Плакала вдовушка, навзрыд горько плакала, бросалась на Франека с кулаками, по груди, по спине, по понуренной башке дубасила. Я подходил к ней, обнимал за плечи, подводил к креслу, усаживал бережно, подносил к губам стакан. Она пила, давилась и пила.
— Видите, Ендрусь, что он со мной делает. Дочку у меня отнимает, дочь единственную, соблазняет на глазах, ведет под венец. Попользуется и бросит, а даже если и не бросит, то не станет почитать, начнет куражиться, бить, уродовать. Он ведь из мужиков, темных, невежественных, иначе не привык. Такие всегда дерутся, по-другому не могут. А у меня на душе так, будто поместье мое снова отобрали, сад спилили, березы топорами вырубили, пруд перед домом засыпали песком, лебедям шеи серпом перерезали.

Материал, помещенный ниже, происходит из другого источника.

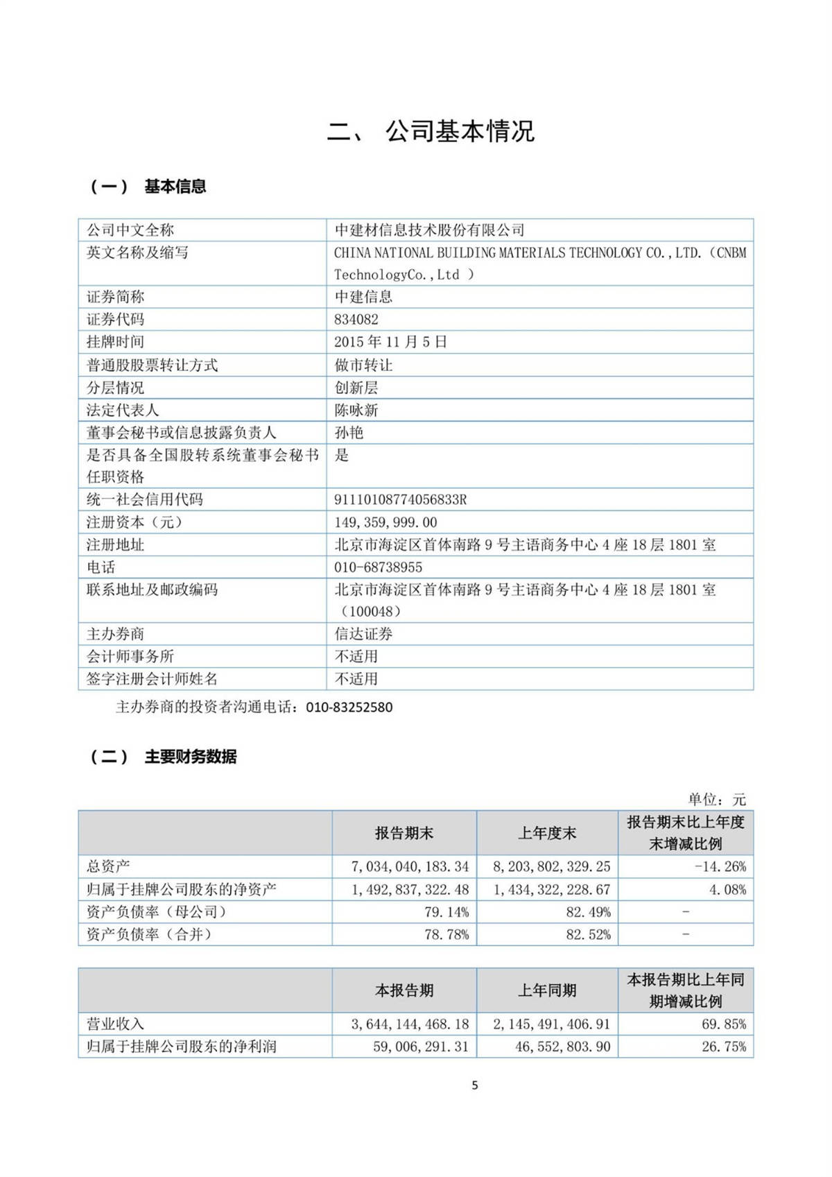 中建信息2019年第一季度報告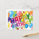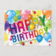 A vibrant birthday card design featuring a colourful array of balloons in various shapes and sizes. The word "Happy Birthday" is prominently displayed in bold, playful letters,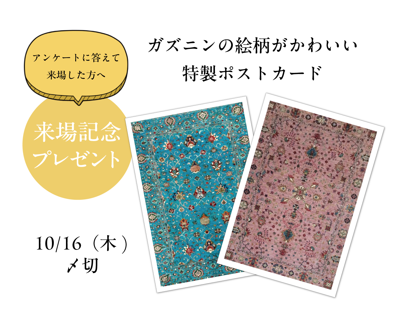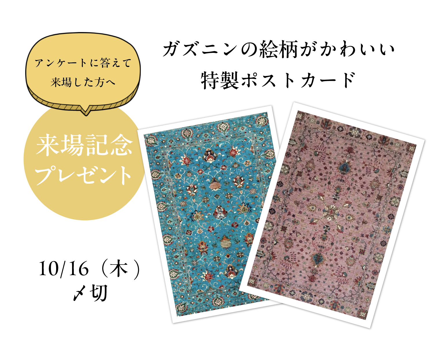 絨毯を迎えるのはタイミングです。気になった時がその時です。この出会いをよき機会としていただきたいと思い、この度の開催記念としてアンケートに答えてご来場いただいたお客様へ「プレゼント」をご用意しました。

Я помаленечку разбирал кларнет, продувал от слюны, завернув в платок, спрятал в карман пальто. Ада, оплакивающая вдовушку, себя, свое девичество, вытирала вспотевшее, заплаканное вдовушкино лицо, подправляла размазавшийся грим, поднимала с колен, из уничижения горячими поцелуями, словом щебетливым, сахарным, сахарину слаще. Бочком, крадучись, как бы в шапке-невидимке, выскальзывали мы с Франусем из вдовушкиного домика, сбегали торопью по пяти ступенечкам под мартовскую капель, в садик, освобожденный от хохолов, от соломы, от газет, набухший тысячью почек, истекающий клейкой слюной перед тем, как выпустить листочки, молочные зубки, гусиный пух, петушиные перья. Растворялись в обложном мелком дождичке, в теплой моросейке, в глинистой улочке, по которой мчались, очертя голову, к автобусу, чтобы не опоздать в деревянный клуб, где музыкальный автомат, биллиард, пинг-понг, танцы, пенье в два, в четыре голоса, представления, устраивающиеся каждый квартал, торжественные заседания, доморощенные рассуждения о политике, когда ладони пухнут от аплодисментов, а кое у кого слипаются глаза.

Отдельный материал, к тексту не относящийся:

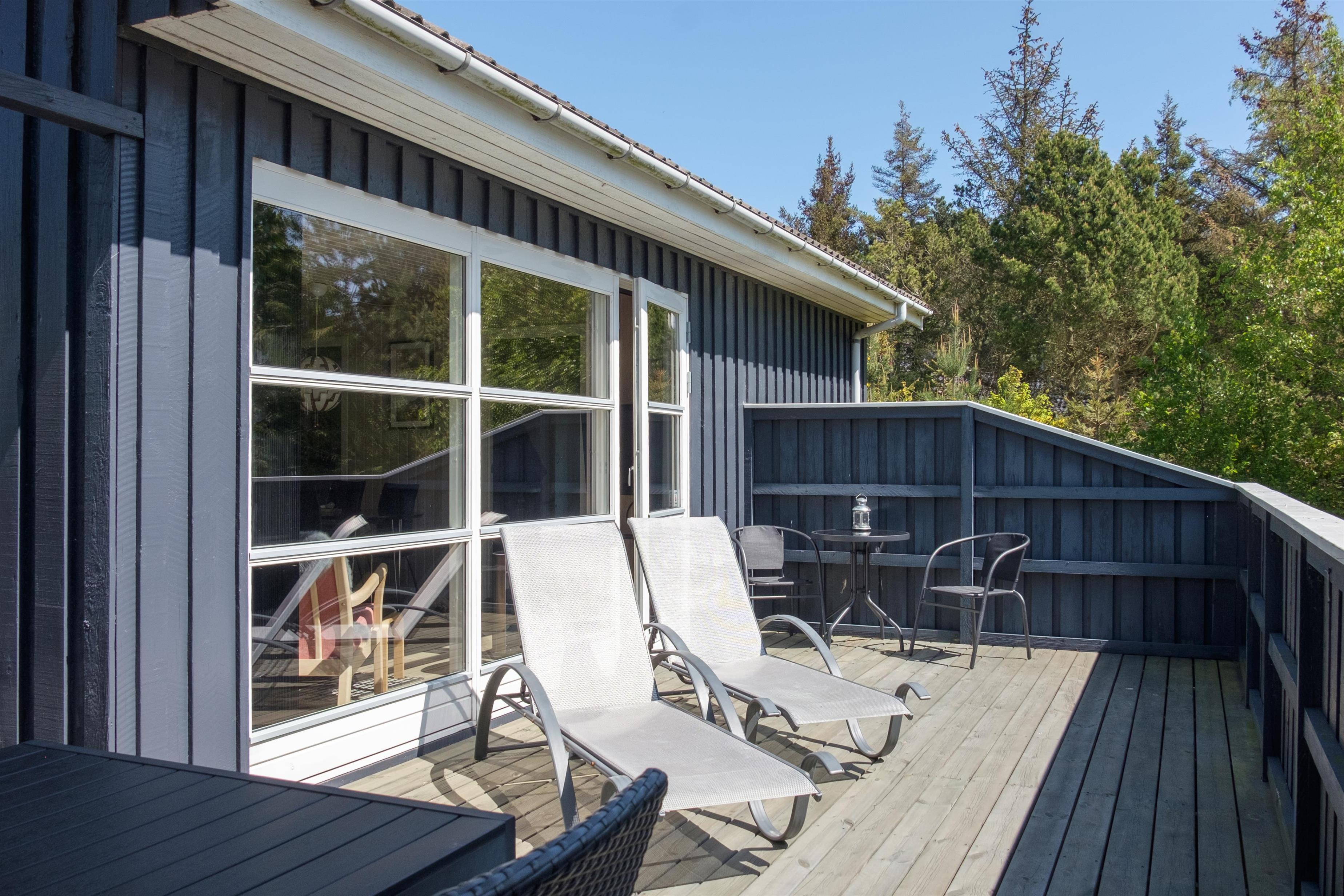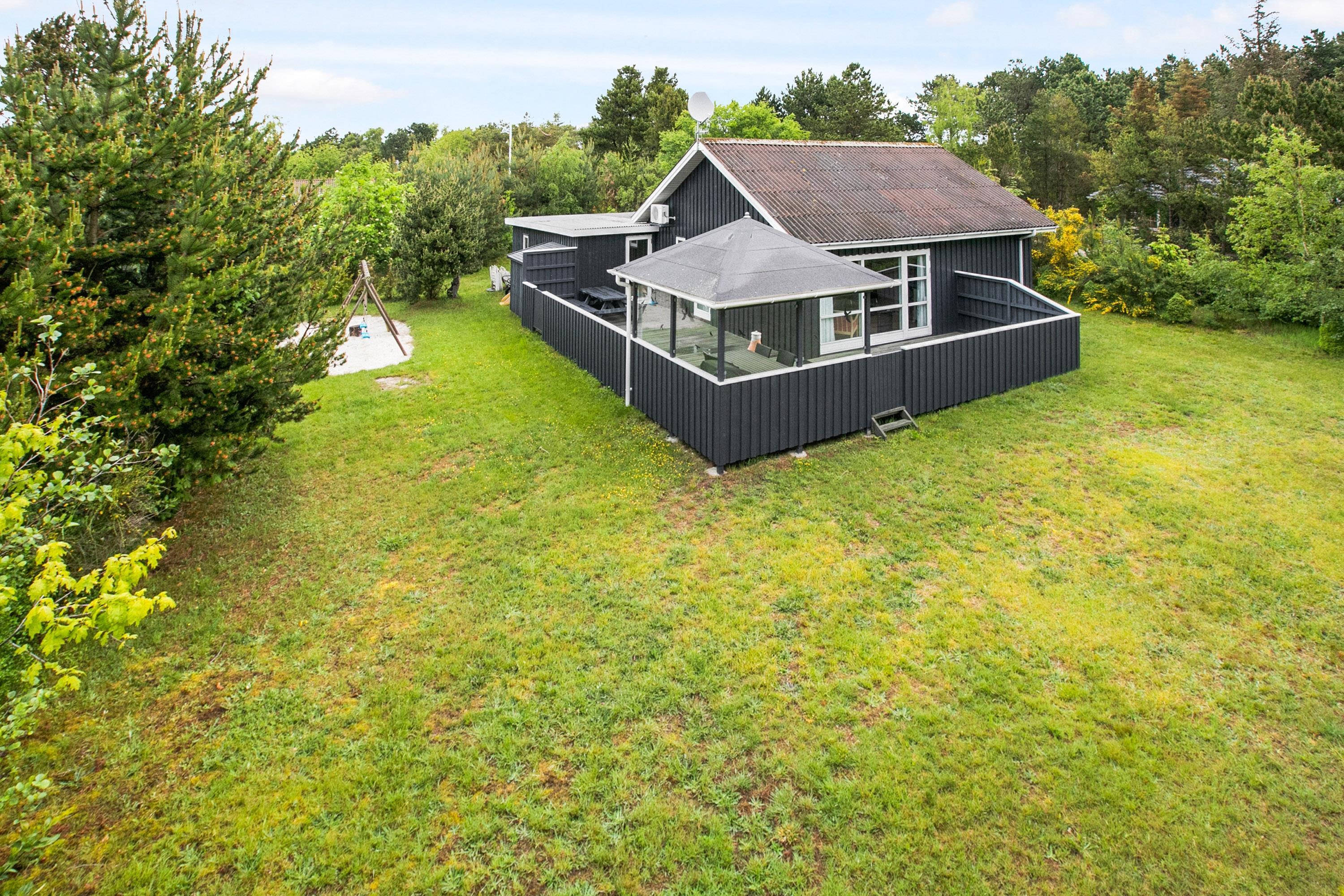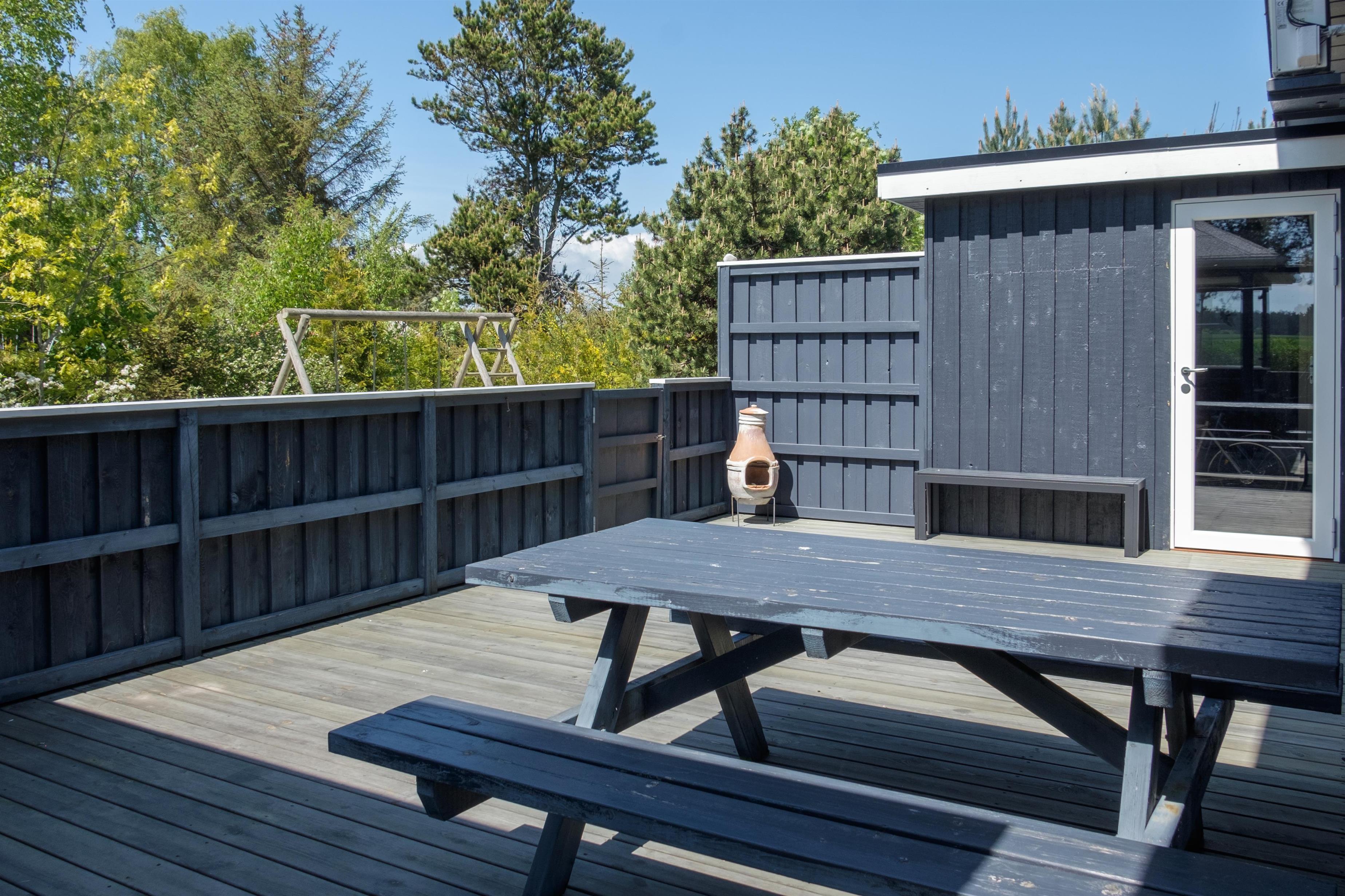 This continuously modernized and well-maintained holiday home is located on a wooded natural lot just 300 meters from Boeslum Strand. Lovely, sheltered, southwest-facing wooden terrace with a gazebo and good garden furniture, sun loungers, parasol, and a grill. For the children, there is a swing and climbing frame with a sand surface. The carport has a fish cleaning area.

А там, в домике, в комнатах, увешанных портретами в паутине, в саже, саблями, затянувшимися бельмом, потемнелыми кинжалами, никогда не смазываемыми, со скрежетом вытаскиваемыми из ножен, будто их вонзают в кость, перерезают ими шейные позвонки, там, в домике, пахнущем засушенными, связанными в пучки травами, привезенными вдовушкой из родных краев, всхлипывалось там, наверное, по-вдовьи, раздавались сироткины сетованья. Из окованных сундуков, из обитых листовой медью кофров вынимали руки в перстнях — а помогали им руки, привычные к ножницам, расческе, одеколону, пилочке, руки, что без труда удушат бычка, отведут на бойню бугая — шерстяные шали, кружева, платья шелковые, шелковистые, мягко стелющиеся, пересыпанные нафталином, болотными травами, туфли шевровые, из телячьей кожи, из змеиной, из ящеричьей, белье, льющееся между пальцев, аккуратно сложенное, твердое, словно из фольги, из оцинкованного железа. Долго — уж и не знаю, сколько молитв за это время можно было бы прочесть — наряжались вдовушка с сироткой перед зеркалом, поглядывали друг на друга искоса, взад-вперед сновали по комнатам. Наверно, пальцы длинные, искривленные артритом, руки узкие, тонкие в запястьях, птичьи руки вдовушкины высыпали на ковер из алебастровой шкатулки, из ларца красного дерева перстни, кованные из золота, круглые, как вишни, сережки, браслеты серебряные, перебирали их, на свет рассматривали, надевали на руки сироткины, ширококостные, от ветра красные.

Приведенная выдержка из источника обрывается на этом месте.